As Deanna begins to live out the youth she never got a chance to finish, attending ragers, getting frisky amid the library stacks with the adorably smitten Jack (Luke Benward), and rediscovering her love of archaeology, the film shrewdly does not make Deanna the butt of the joke. The humor, then, comes from her mostly believable experiences as a long-grown woman who joyously throws herself into the day-to-day existence of a college student but whose wild streak is accompanied by her greater worldly knowledge. A scene where she cannot help herself from making socially conscientious toasts with each shot she takes at a kegger is enormously funny. Another set-piece where Deanna (violently phobic of public speaking) must give an oral presentation to her class is a five-minute masterclass in comedy performed by one of the most gifted comic actors working today. Also an unexpected charmer: Deanna's romance with 21-year-old Jack, a guy she knows is too young for her but whom she cannot resist. When the film briefly stumbles, or does not quite work as well—and there are a few instances of this, including the inevitable accidental eating of pot brownies and a subsequent crashing of a wedding—it typically gets back on track immediately after.

Is it too hyperbolic to anoint Melissa McCarthy a national treasure? Even when her films aren't perfect, she always is, hitting every beat exactly right, navigating broad humor with genuine human emotion. McCarthy brings a cheery positivity to Deanna that proves impossible not to love; when things do not go her way, or she is hurt by others, the viewer is instantly and without question on her side. Watching her as she takes a path she long thought had passed her by is the picture's greatest pleasure. McCarthy shares a charismatic rapport with all her game co-stars, among them Molly Gordon (2015's "Love the Coopers") as daughter Maddie; Gillian Jacobs (2015's "Hot Tub Time Machine 2") as good-natured semi-celebrity Helen, a sophomore also making up for lost time after an eight-year coma; Luke Benward (2006's "How to Eat Fried Worms") as Deanna's unexpected love interest Jack; Debby Ryan (2018's "Every Day"), deliciously, amusingly spiteful as mean girl Jennifer; Maya Rudolph (2015's "Sisters") as Deanna's best friend Christine, living vicariously through her wild collegiate experiences; Julie Bowen (TV's "Modern Family") as Dan's catty new beau Marcie Strong; and Heidi Gardner (TV's "Saturday Night Live"), a scream as Deanna's equal parts pleasant and frightful goth dormmate Leonor.

"Life of the Party" is one of those films traversing nearly a year's time at a university where the lead character seemingly only takes one class (no others are glimpsed).

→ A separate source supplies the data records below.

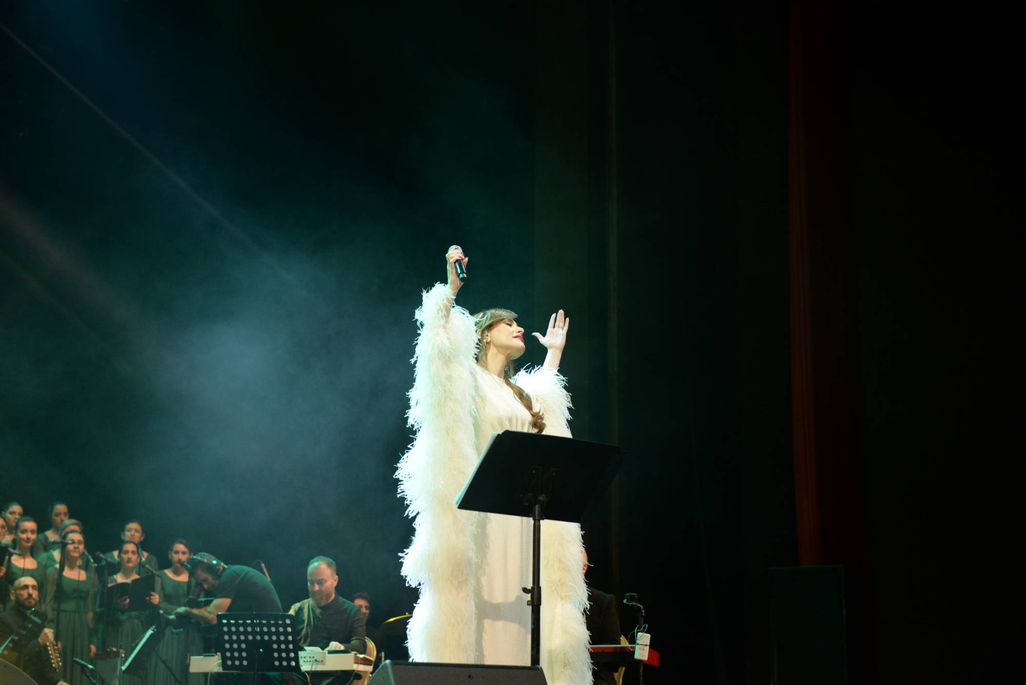 فاطمة عبدالله - الفستان الأبيض بأكمامه المزيّنة بالريش، أرادت به الفنانة عبير نعمة وقائدة أوركسترا جوقة «فيلوكاليا» الأخ...
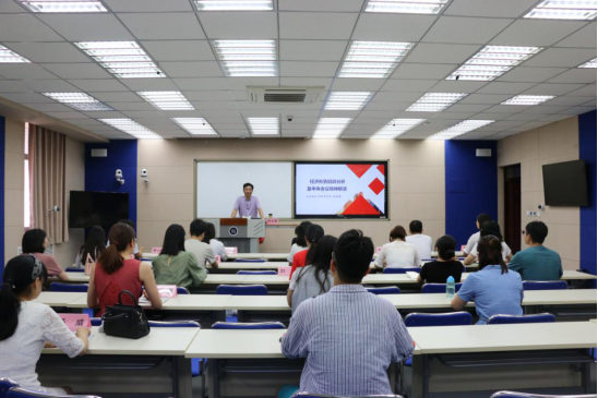 6月15日上午,经济学院院长刘溢海教授应邀做客研究生博学大讲堂,为我校研究生作题为《2019年经济形势回顾分析及中央经济工作会议精神解读》的专题讲座。研究生教育管理科科长陈建峰老师、第二期“领头雁”研习班全体成员参加,讲座由食品学院2018级研究生贺健主持。
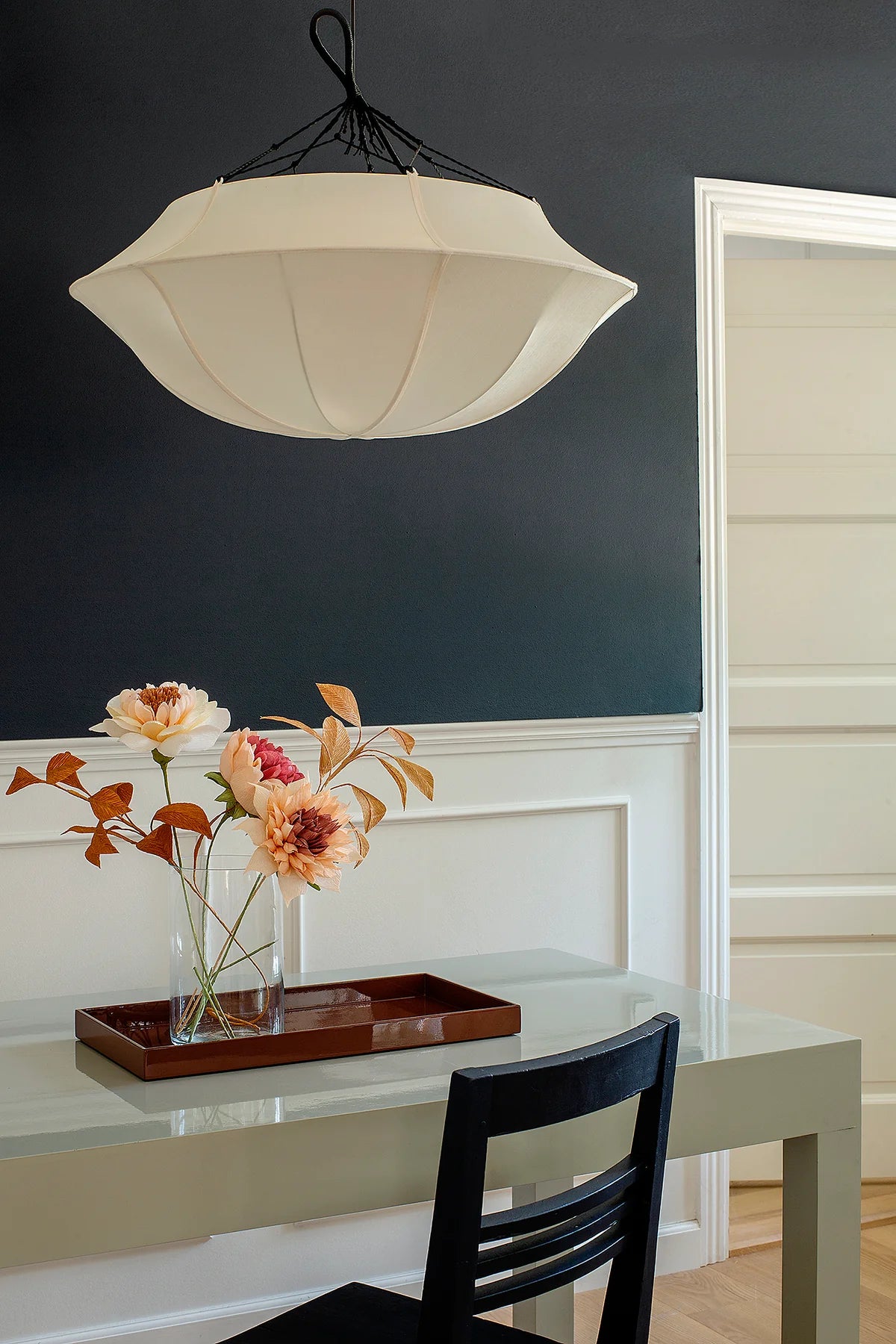 Abažúr Umbrella značky Oi Soi Oi je návrh, ktorý očarí jemnou eleganciou a výnimočnou ľahkosťou. Vyrobený na 100% z prírodného hodvábu s bavlnenou stuhou, vyniká jedinečnou formou pripomínajúcou rozložený dáždnik. Abažúr vyžaruje príjemné, mäkké svetlo, ktoré vytvára vo vnútornom priestore atmosféru tepla a pokoja – ideálnu do obývačky, spálne alebo jedálne.

This may give the movie's episodic narrative a certain unevenness, but the core of Deanna's personally defining journey remains well-observed and intact. The results entertain and inspire while serving up a fairly consistent number of laughs. By the end, Deanna's successes feel like ours. The only missed opportunity: Deanna's genuinely sweet, tough-to-quit relationship with Jack disappointingly lacks closure. McCarthy and Benward are not the likeliest of couples—at one point, Deanna comes to the terrifying conclusion Jack may be less than half her age—but they have such a unforced, authentic chemistry together one shouldn't be so quick to write them off. "Life of the Party" is more confection than insta-classic in the annals of college comedies, but that's okay. The film treats its characters with a fresh intelligence foregoing or sometimes twisting the genre's hoariest clichés, and at its center is yet another wonderfully layered performance from Melissa McCarthy, able to generate happiness with each new step in front of the camera.